È valido un licenziamento se, subito dopo, c’è assunzione di altri dipendenti? 

Hai ricevuto una lettera di licenziamento. «Riduzione del personale e riassetto organizzativo dell’azienda» è la motivazione. In buona sostanza il datore di lavoro ritiene che le mansioni a cui tu sei stato sino ad oggi adibito debbano essere soppresse o, comunque, ridimensionate. Lo scopo è “spendere di meno” per il personale. Ciò che ti lascia maggiormente meravigliato però non è tanto che l’impresa continui a svolgere regolarmente la sua attività e, anzi, il fatturato non sembri affatto diminuito, quanto il fatto che, poche settimane dopo il tuo licenziamento, al tuo posto è stata assunta un’altra persona.

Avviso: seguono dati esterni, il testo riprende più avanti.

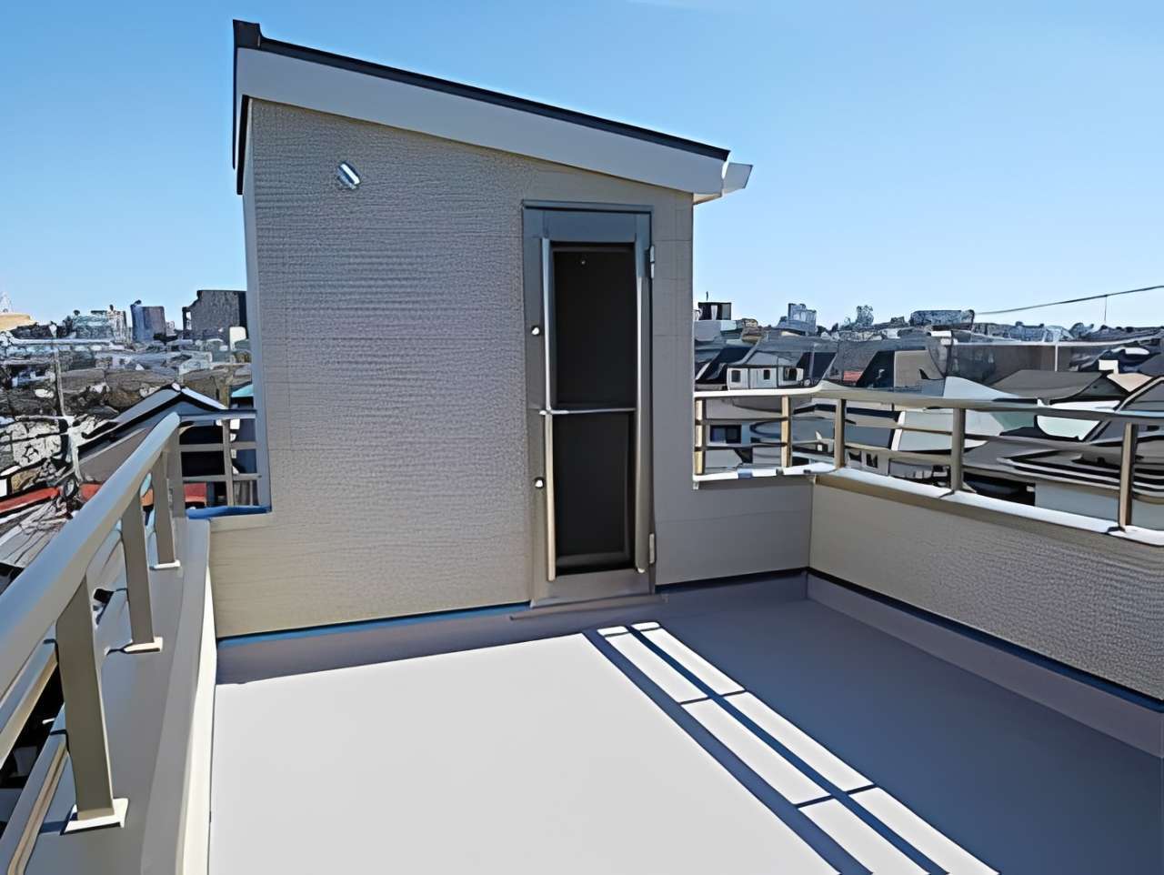 最大の特長は、都市部での暮らしに便利なビルトインガレージ(車庫)と、開放感あふれる屋上ペントハウス(スカイバルコニー)。周囲の視線を気にせず、プライベートな外遊びやリラックスタイムを楽しめる屋上空間は、J様邸の象徴的なスポットとなりました。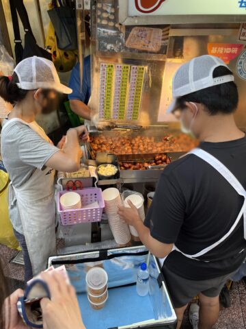 基隆夜市を歩いていると、みんな、紙のカップに入ったものを、手に持って歩いている。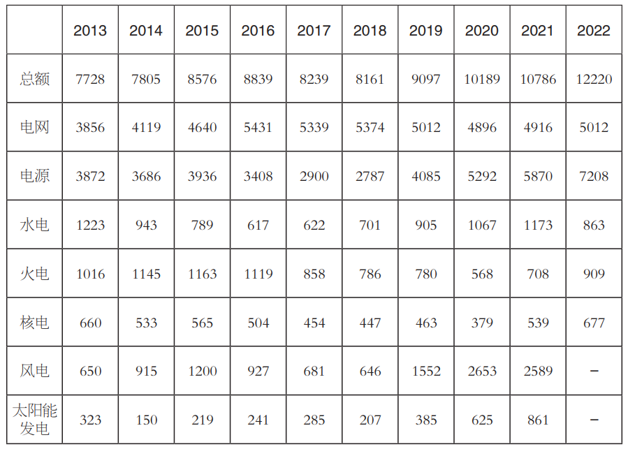 表8 2013—2022年全國(guó)電力投資情況(單位:億元)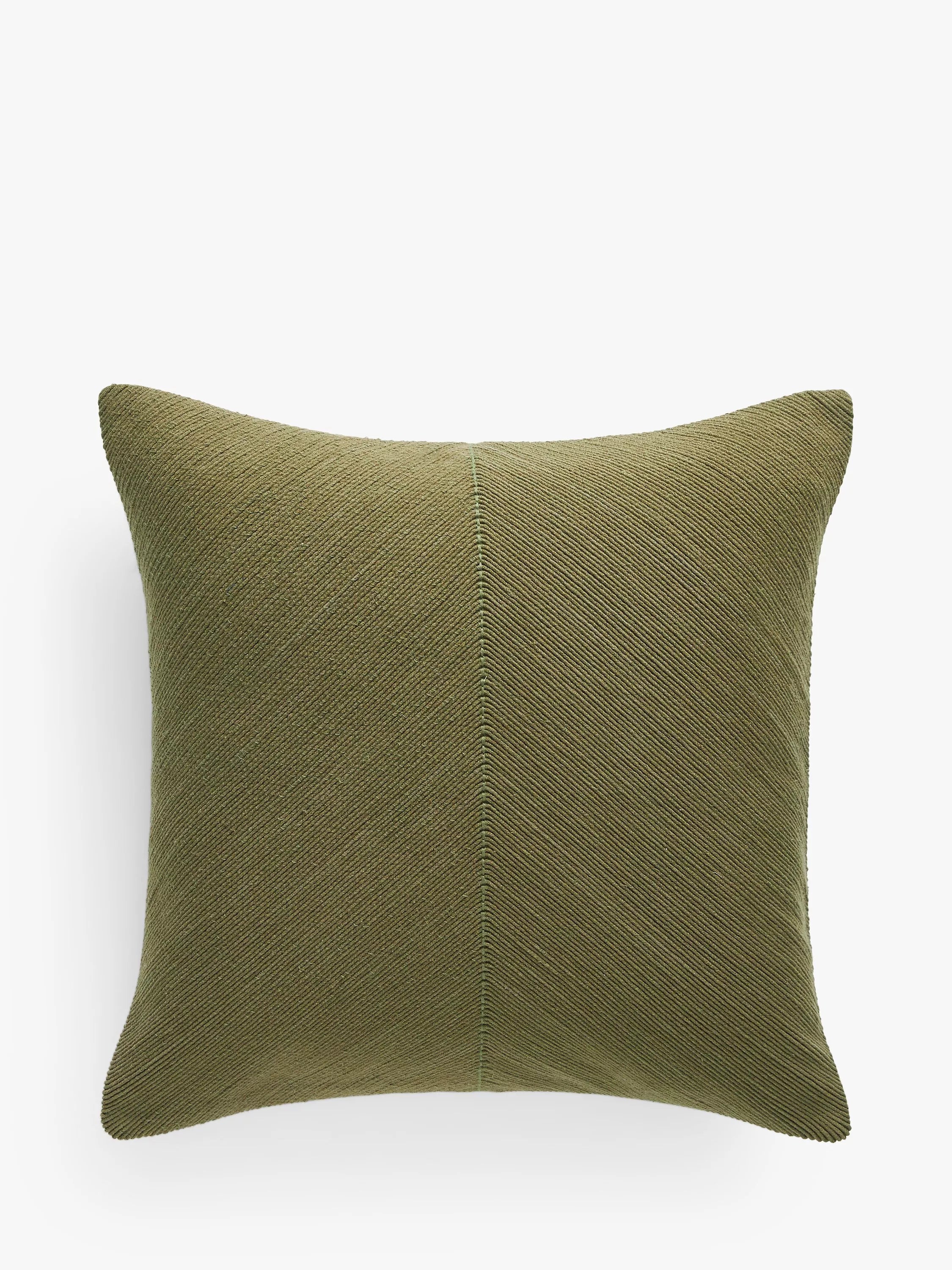 This cotton cushion is woven with a simple corded "v" design and hand-guided embroidery detail.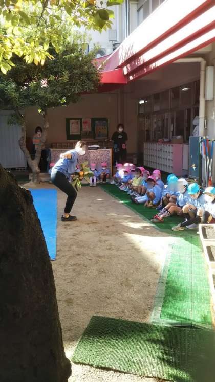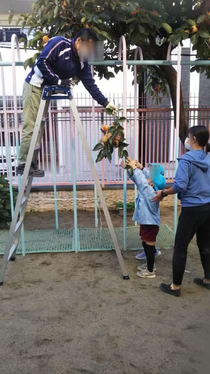 子どもたちは毎日柿が色づくのを楽しみに見ていました。いよいよ今日は柿の収穫です♪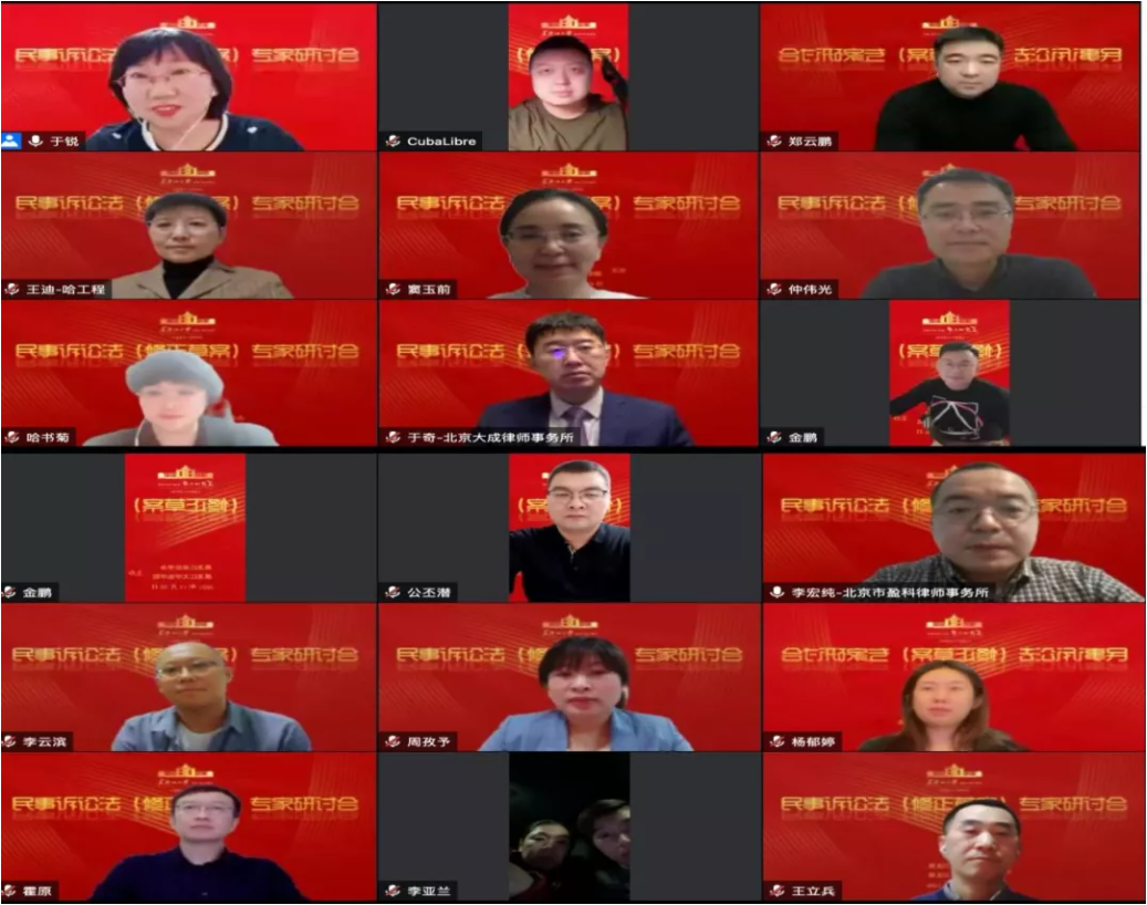 联合黑龙江省法学会诉讼法学会联合召集了龙江部分法学工作者,针对《民事诉讼法(修正草案)》(以下简称《草案》)进行了线上视频会议研讨。邀请黑龙江省内高校的诉讼法专家学者、法院法官、律师及在校法学博士生、硕士生等共计90余人参加了本次研讨会。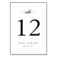 Cartões simples e chicos de números de tabela em preto e branco clássico fazem uma declaração elegante na sua recepção de casamento. Personalize com cada número de tabela, seus nomes e data de casamento em letras negras clássicas com acentos de script de caligrafia. Design repete-se no lado oposto. Coordena-se com a nossa suíte de convite para casamento Ampersand Monograma.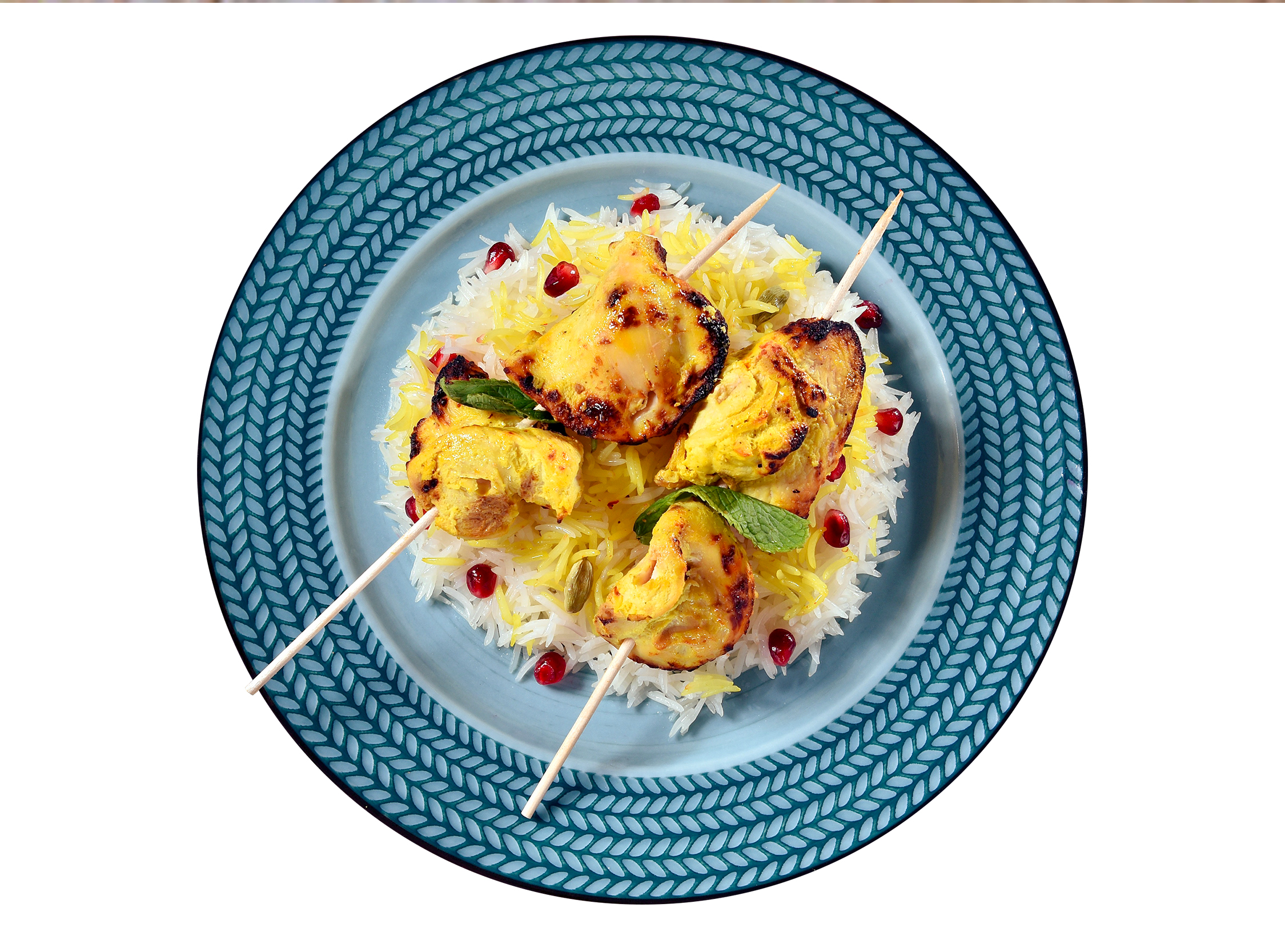 Startseite Fingerfood Safran Hähnchenspieße mit Basmatireis

In buona sostanza sei stato rimpiazzato con un altro mai visto prima. Sei intenzionato a far valere le tue ragioni e a contestare il licenziamento, a tuo avviso nullo. Quali sono i tuoi diritti? È legittima la sostituzione del dipendente licenziato? La questione è stata  trattata da una sentenza della Cassazione [1]. La pronuncia è particolarmente interessante perché segna lo spartiacque tra ciò che l’azienda può fare con ciò che invece è considerato illegale.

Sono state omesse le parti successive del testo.